Cartoons were another visual tool employed by those advocating on behalf of animals. While they may not have fit strictly within Humane Education curricula, there was a strong educational component embedded in many of these images in that they used the power of the visual to ask people to critically reflect on their treatment of animals.
To that end, Our Dumb Animals, the publication of the Massachusetts Society for the Prevention of Cruelty to Animals (MSPCA) and the American Humane Education Society (AHES) held cartoon contests in the early decades of the 20th century. Cash prizes were offered for the best cartoons on the theme of kindness to animals, and those interested in participating could submit their cartoon to any periodical of their choosing. In order to have it considered for the Our Dumb Animals competition a clipping of the published cartoon had to be submitted by the contest deadline. Cartoonists were asked to have their work published during Be Kind to Animals Week® whenever possible.
While cartoons may appear on the surface to be “less serious” than other forms of visual advocacy they were, in fact, used in very sophisticated ways. Further, there were a range of tactics that cartoonists employed to spread the message of compassion for all species.

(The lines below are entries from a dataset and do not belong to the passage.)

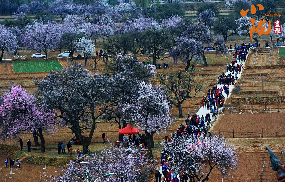 遠(yuǎn)遠(yuǎn)望去,到處是枝節(jié)橫生的杏樹,處處是農(nóng)家小舍,隱藏其中,人在花中,花在眼前。前來賞花的游客蜂擁而至,在杏園里駐足拍照,流連忘返。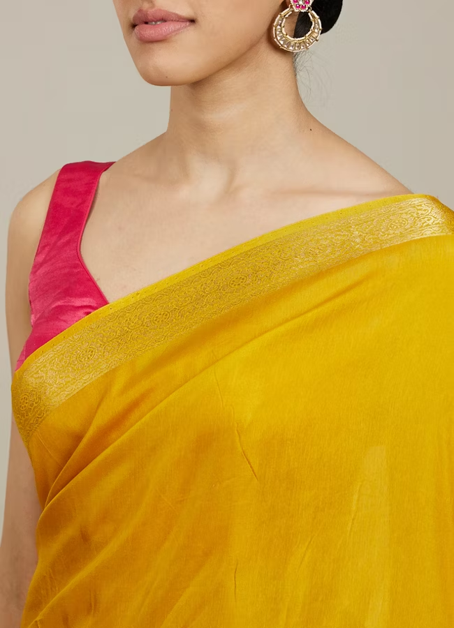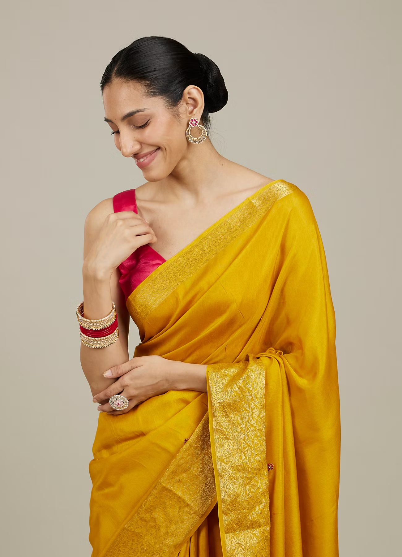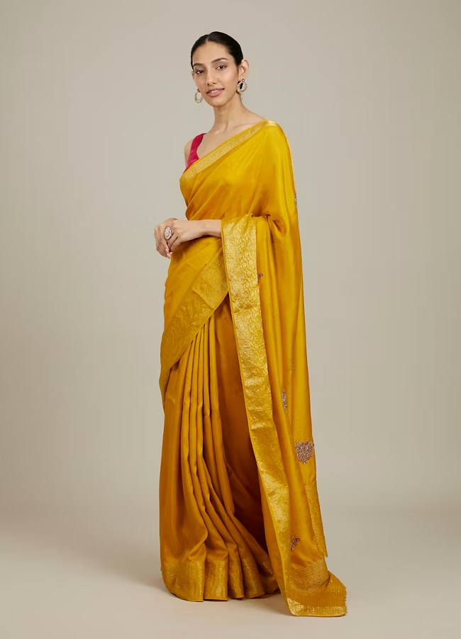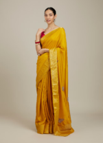 Mustard Yellow Buta Embroidered Saree with Scalloped Borders
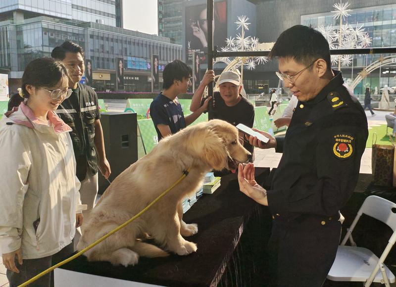 執(zhí)法人員進社區(qū)開展文明養(yǎng)犬宣傳。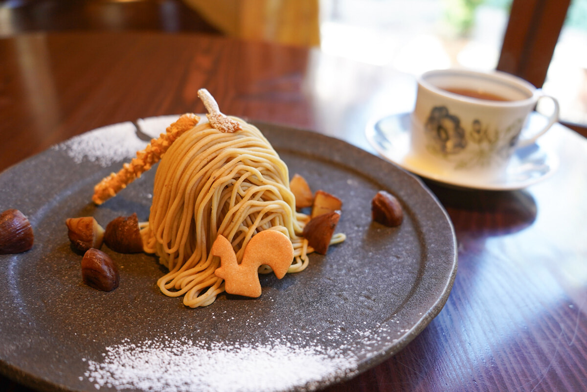 モンブランのプレートには、かわいらしい小鳥やリスのクッキーが添えられている。店内から眺められる中庭には、実際に小鳥やリスが立ち寄ることもあるとか。絵本の世界のような、ちょっと特別なティータイムを楽しんで。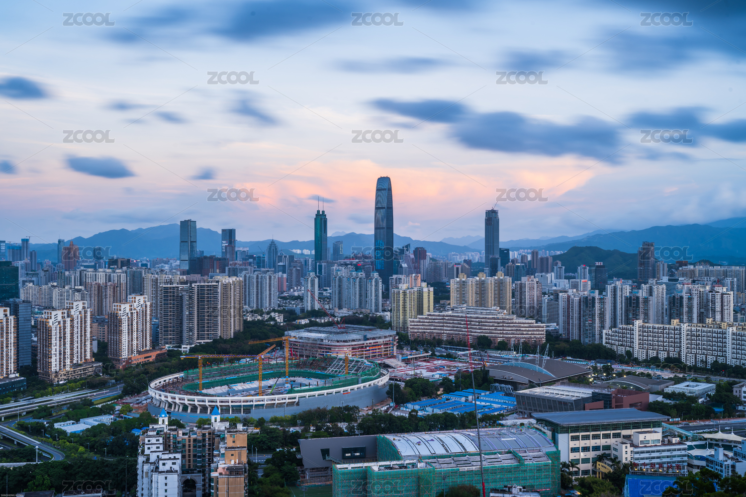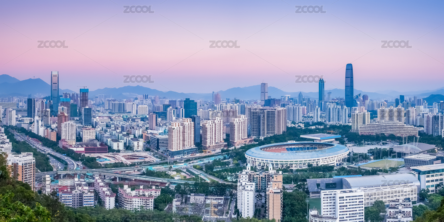 深圳笔架山俯瞰城市高楼建筑夕阳景观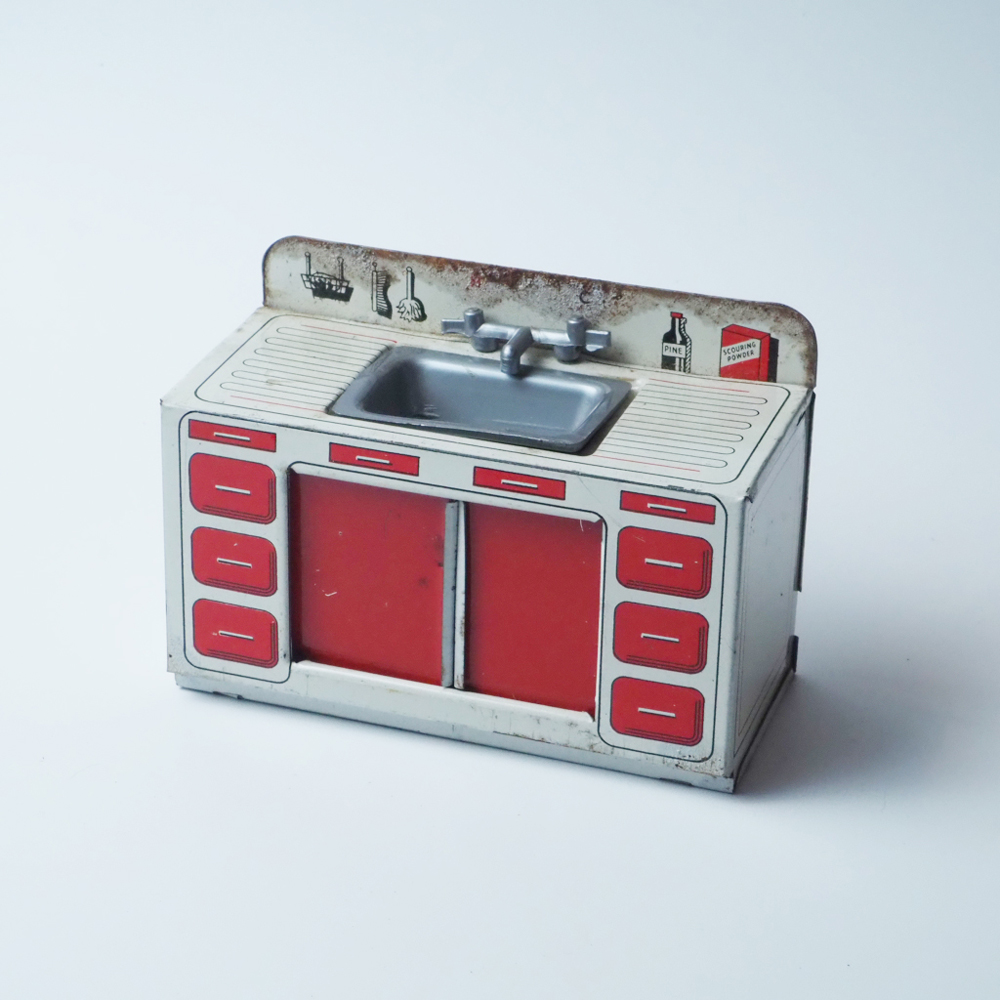 イギリスBRIM TOY社製ブリキのミニチュアキッチン。立体と平面が組み合わさったデザインがレトロで素敵です。

In some instances cartoons relied on humor to ridicule and poke fun at the behavior they were trying to correct. For example, a number of cartoons appeared in publications like Punch, the British-based satire magazine, in which women who wore fashions made with feathers were portrayed as ridiculous instead of fashionable. In other cases, however, the cartoons had very little humorous content, the artists instead choosing to use the stark black and white graphic design to convey some very difficult content.